ZURICH (Reuters) - The Swiss National Bank and other central banks still have room to ease monetary policy, SNB Governing Board member Andrea Maechler told newspaper Le Temps, adding that the Swiss franc remains overvalued.
The European Central Bank is widely expected to cut its negative deposit rate again in the coming week and possibly step up its bond buying, which could heap pressure on the SNB as it tries to rein in the Swiss franc.
Asked about market expectations of action by central banks in Switzerland and around the world, she said:
“Expectations are high, it’s true. We have not reached the limit of monetary policy, but this does not mean that it is unlimited. But we have seen in the United States with the quick cleanup of banks and the credit sector: When monetary policy is well supported by other political action, it can go further.”
In the interview released ahead of publication on Monday, she said the SNB acted in the interest of the entire country, adding: “But it is a fact: Monetary policy cannot do everything. It cannot replace structural reforms. It cannot force companies to adapt.”
The SNB uses negative deposit rates and a readiness to intervene on currency markets when needed to try to keep a lid on the franc, which Maechler said remained overvalued despite its weakening since last summer.
“We are moving in the right direction. Negative rates are playing their role in making holding francs less attractive,” she said, although it was hard to quantify their effect.
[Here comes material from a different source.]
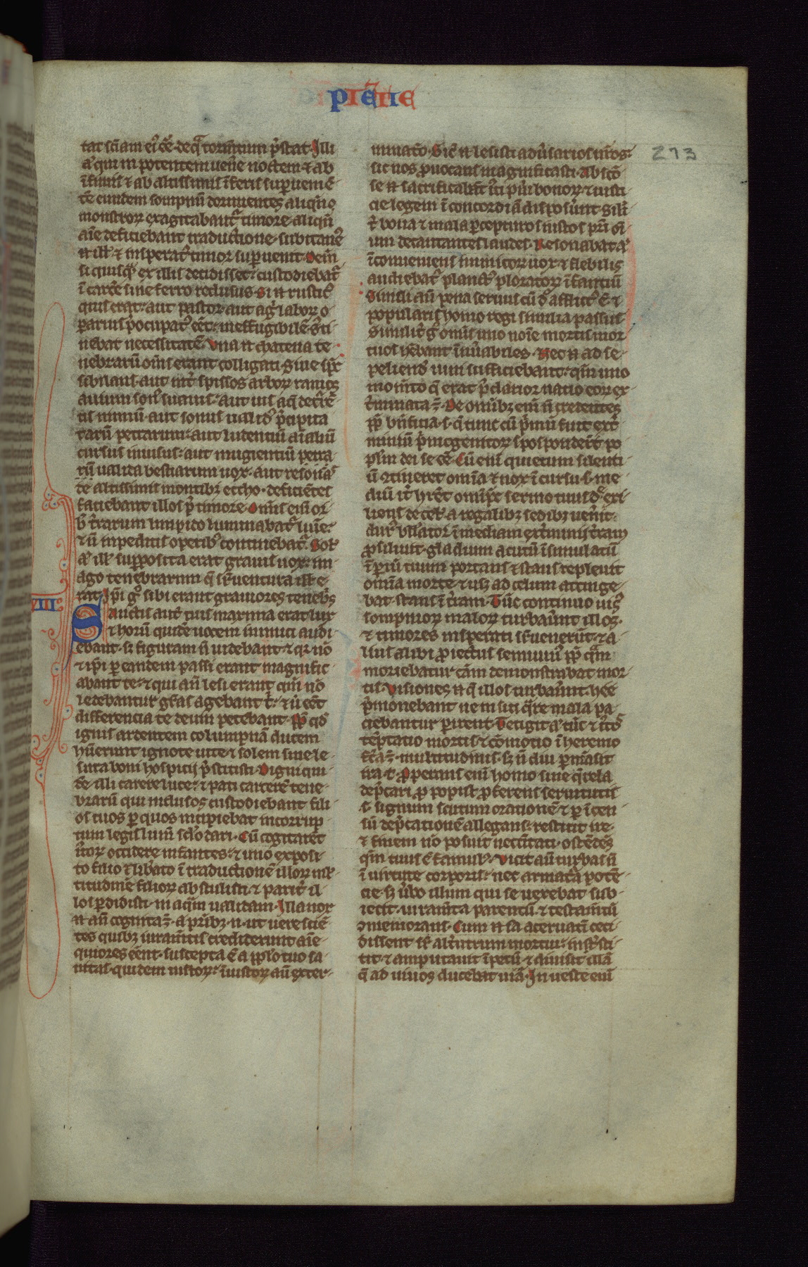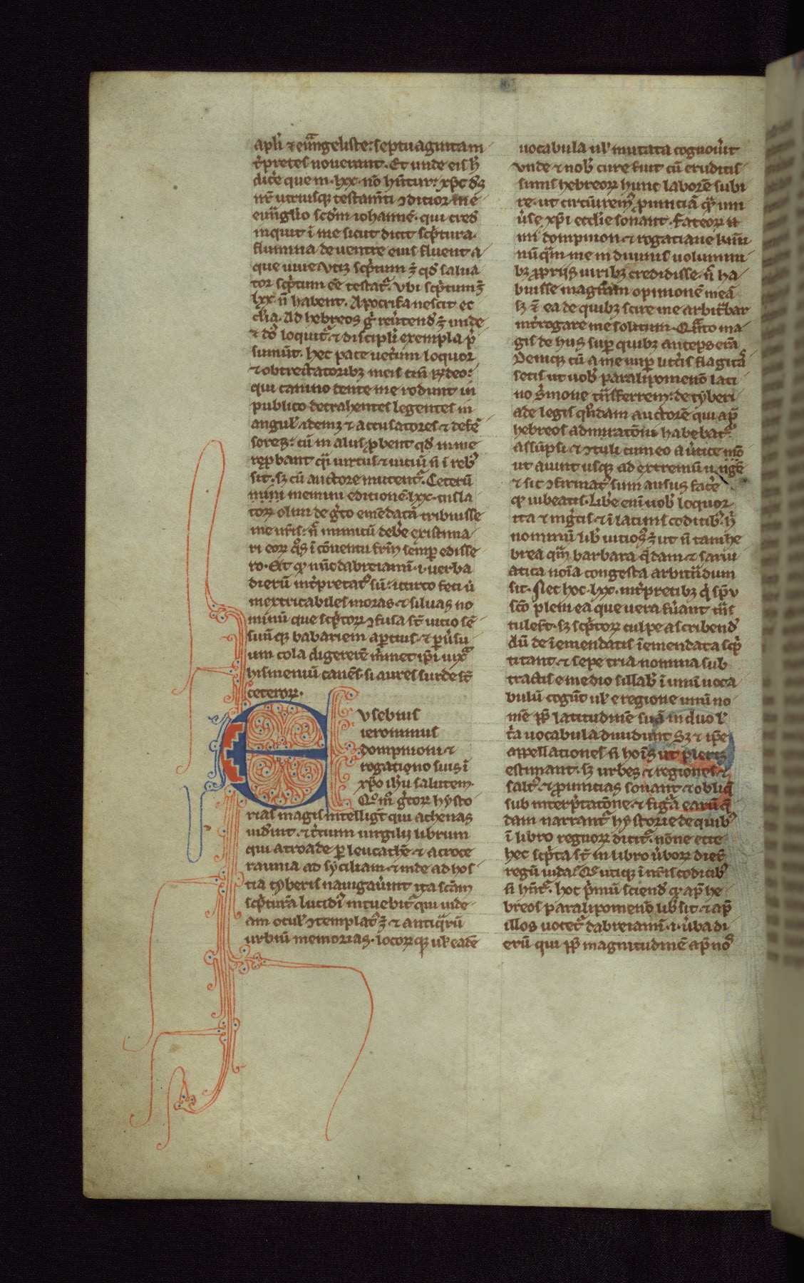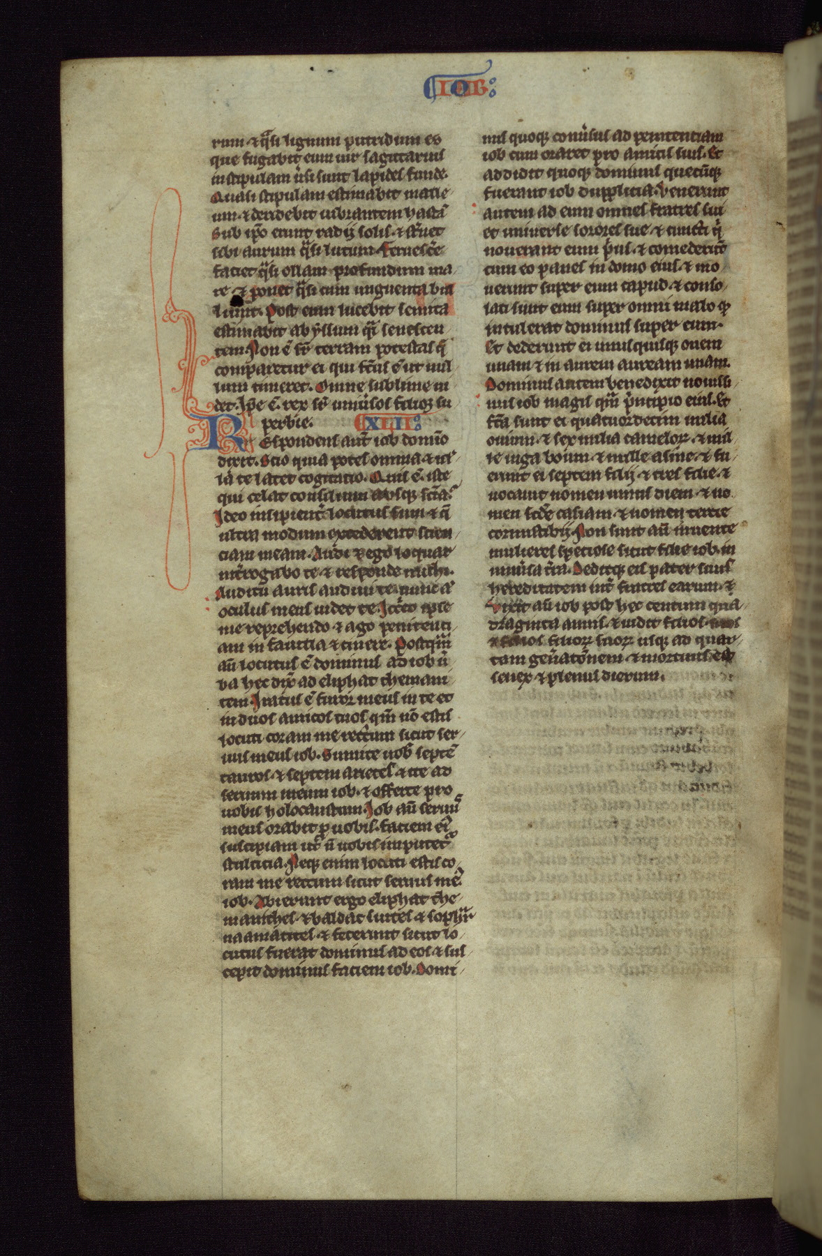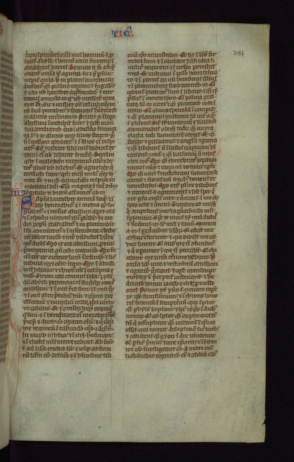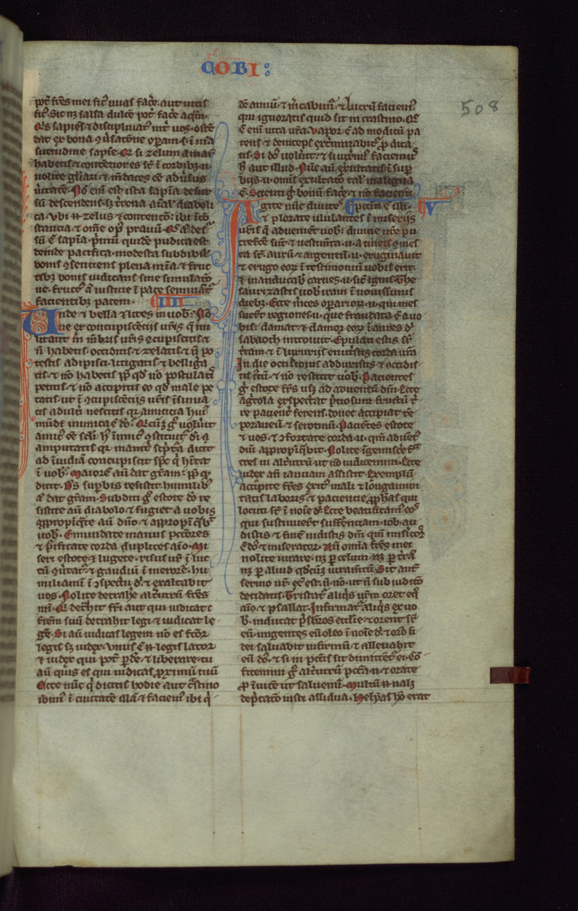 This pocket-size Bible was created around the middle of the thirteenth century in England. It contains the Vulgate text of the Old and New Testaments, arranged in order and divided into chapters. Such Bibles, designed for individual rather than institutional use, began to be created on a large scale during the thirteenth century, especially in Paris. This manuscript is illuminated with a large number of small historiated initials, and also includes a somewhat later image of the Three Living and the Three Dead, a popular scene based on a French poem of the same century.

Intervention remained a policy pillar even though the franc was less of a safe haven than before, she said, noting risks from abroad had increased and the impact of Britain’s potential exit from the European Union remained unknown.
The biggest risk to Swiss financial stability would be a property market correction coupled with a strong rise in interest rates, although this was an unlikely scenario at the moment, she said.
She called it good news for financial stability that negative interest rates had not triggered a new drop in mortgage rates.